#### Source material

========

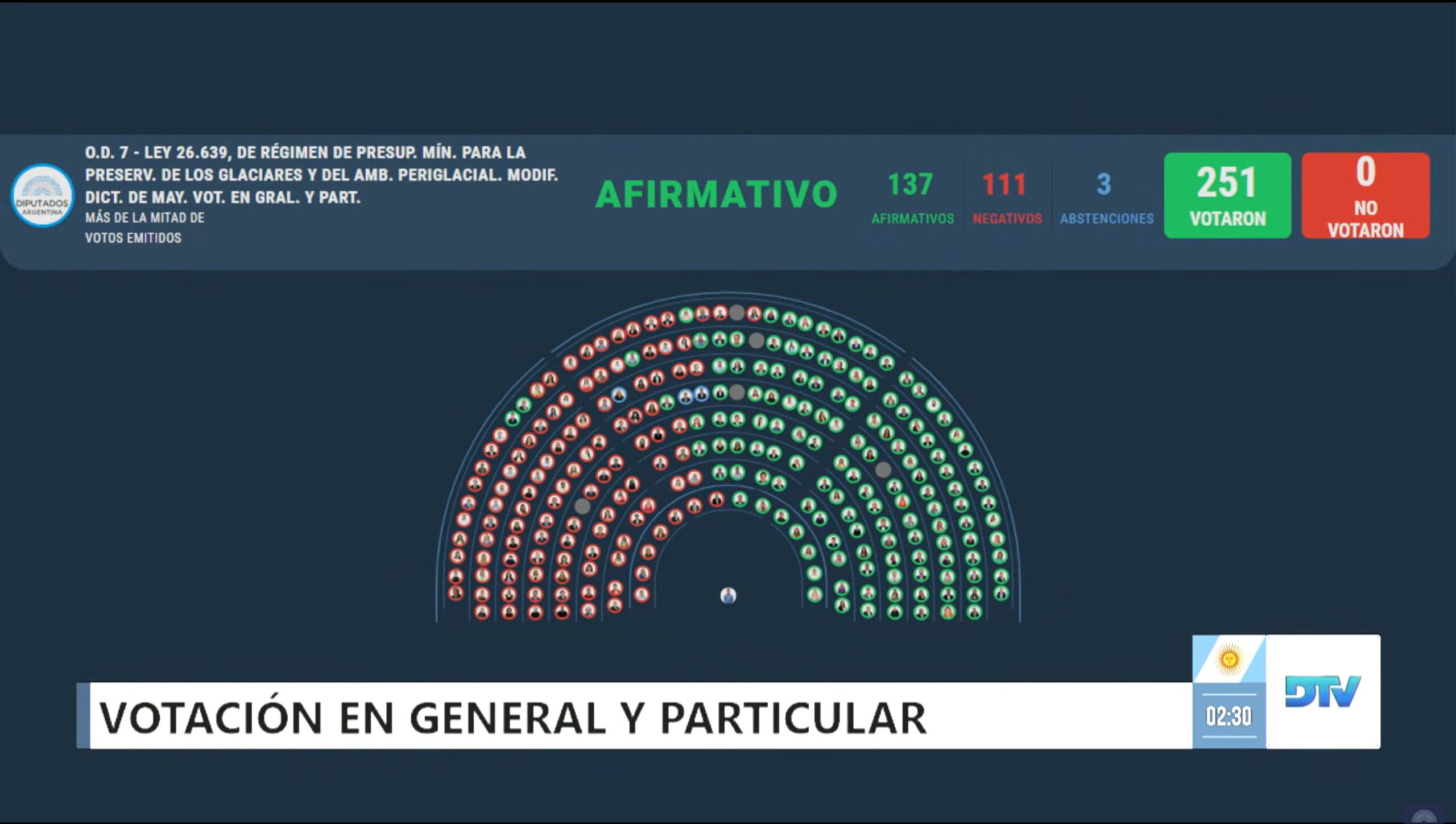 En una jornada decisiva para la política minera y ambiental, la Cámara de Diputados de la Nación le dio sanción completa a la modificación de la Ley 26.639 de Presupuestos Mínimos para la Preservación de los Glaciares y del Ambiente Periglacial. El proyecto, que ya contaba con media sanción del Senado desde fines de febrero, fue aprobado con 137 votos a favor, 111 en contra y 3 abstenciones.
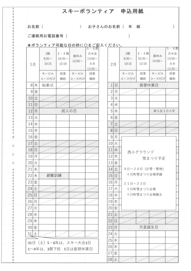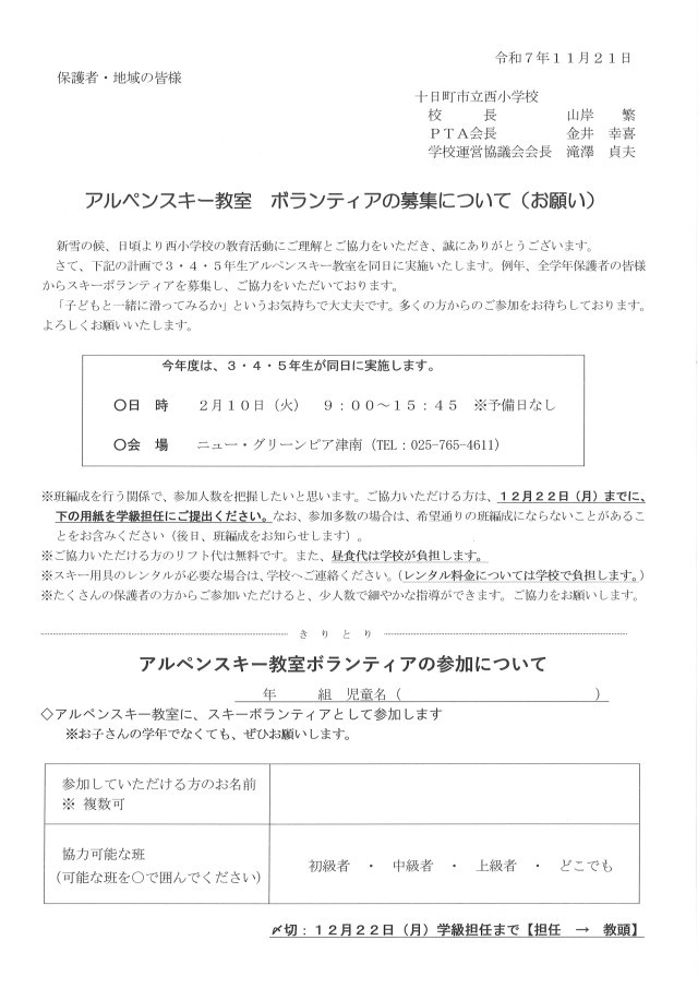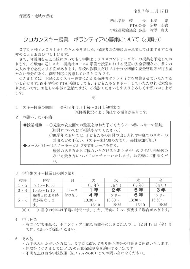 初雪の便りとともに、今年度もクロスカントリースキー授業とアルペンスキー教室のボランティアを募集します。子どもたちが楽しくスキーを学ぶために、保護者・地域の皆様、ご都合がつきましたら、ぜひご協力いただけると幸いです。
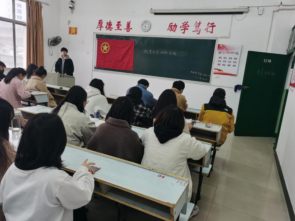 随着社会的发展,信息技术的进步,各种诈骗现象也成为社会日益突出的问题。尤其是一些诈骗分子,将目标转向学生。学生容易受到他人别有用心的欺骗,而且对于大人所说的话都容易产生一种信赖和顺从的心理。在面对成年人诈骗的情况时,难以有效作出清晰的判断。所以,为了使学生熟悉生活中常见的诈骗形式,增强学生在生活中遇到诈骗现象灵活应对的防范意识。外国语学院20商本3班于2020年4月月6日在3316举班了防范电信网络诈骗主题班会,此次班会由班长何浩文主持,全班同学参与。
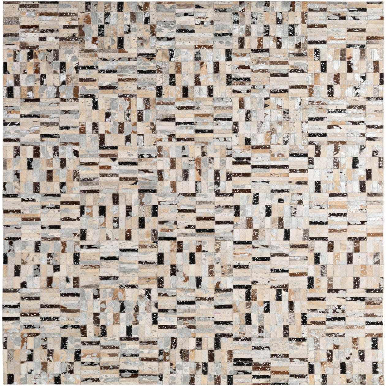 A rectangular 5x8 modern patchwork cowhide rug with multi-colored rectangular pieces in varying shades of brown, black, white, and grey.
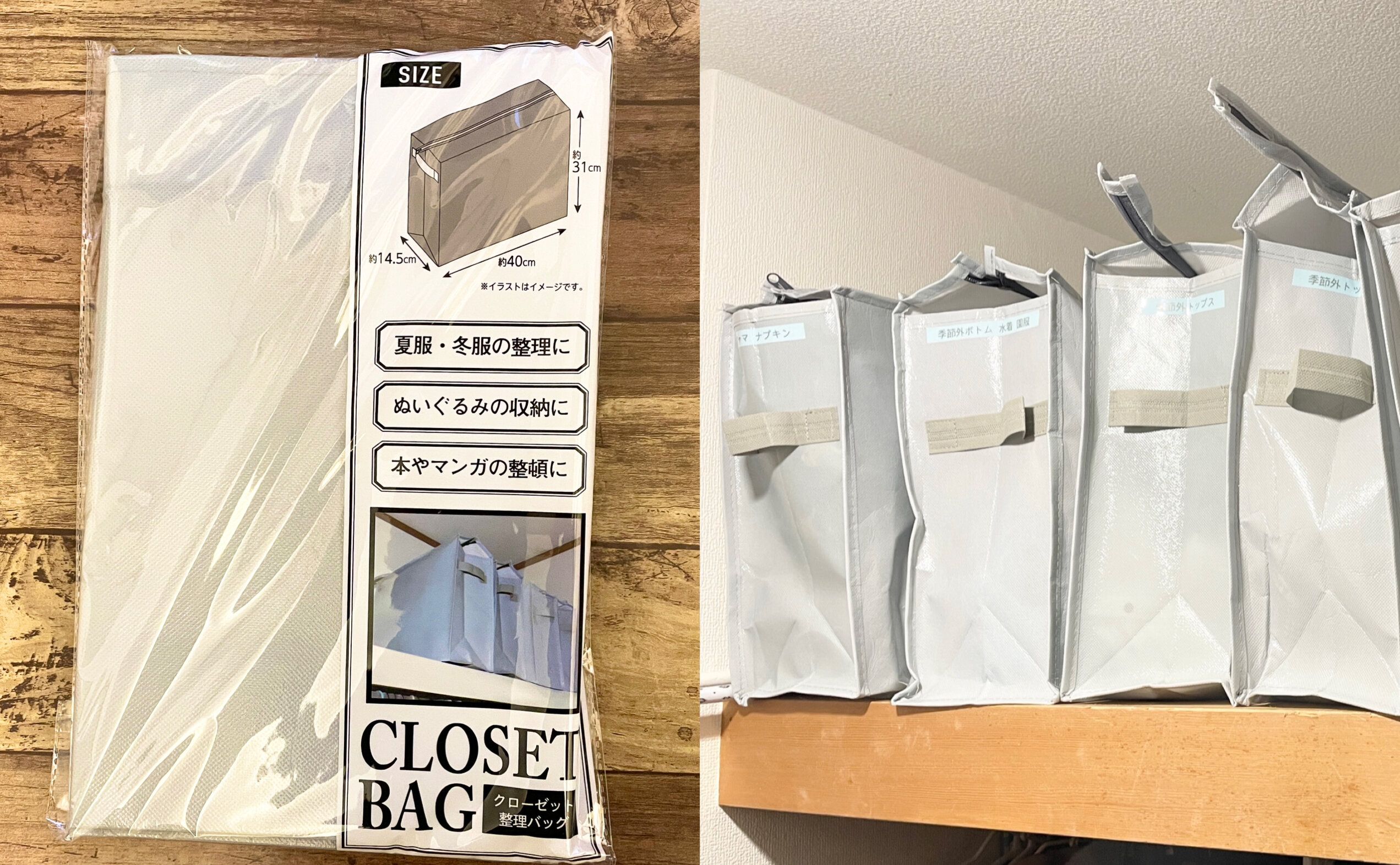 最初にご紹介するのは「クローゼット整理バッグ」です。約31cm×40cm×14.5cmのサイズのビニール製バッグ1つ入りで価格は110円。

========

#### What needs to be done
Set down every record once more, word for word, without pictures.

#### Solution below
 En una jornada decisiva para la política minera y ambiental, la Cámara de Diputados de la Nación le dio sanción completa a la modificación de la Ley 26.639 de Presupuestos Mínimos para la Preservación de los Glaciares y del Ambiente Periglacial. El proyecto, que ya contaba con media sanción del Senado desde fines de febrero, fue aprobado con 137 votos a favor, 111 en contra y 3 abstenciones.
 初雪の便りとともに、今年度もクロスカントリースキー授業とアルペンスキー教室のボランティアを募集します。子どもたちが楽しくスキーを学ぶために、保護者・地域の皆様、ご都合がつきましたら、ぜひご協力いただけると幸いです。
 随着社会的发展,信息技术的进步,各种诈骗现象也成为社会日益突出的问题。尤其是一些诈骗分子,将目标转向学生。学生容易受到他人别有用心的欺骗,而且对于大人所说的话都容易产生一种信赖和顺从的心理。在面对成年人诈骗的情况时,难以有效作出清晰的判断。所以,为了使学生熟悉生活中常见的诈骗形式,增强学生在生活中遇到诈骗现象灵活应对的防范意识。外国语学院20商本3班于2020年4月月6日在3316举班了防范电信网络诈骗主题班会,此次班会由班长何浩文主持,全班同学参与。
 A rectangular 5x8 modern patchwork cowhide rug with multi-colored rectangular pieces in varying shades of brown, black, white, and grey.
 最初にご紹介するのは「クローゼット整理バッグ」です。約31cm×40cm×14.5cmのサイズのビニール製バッグ1つ入りで価格は110円。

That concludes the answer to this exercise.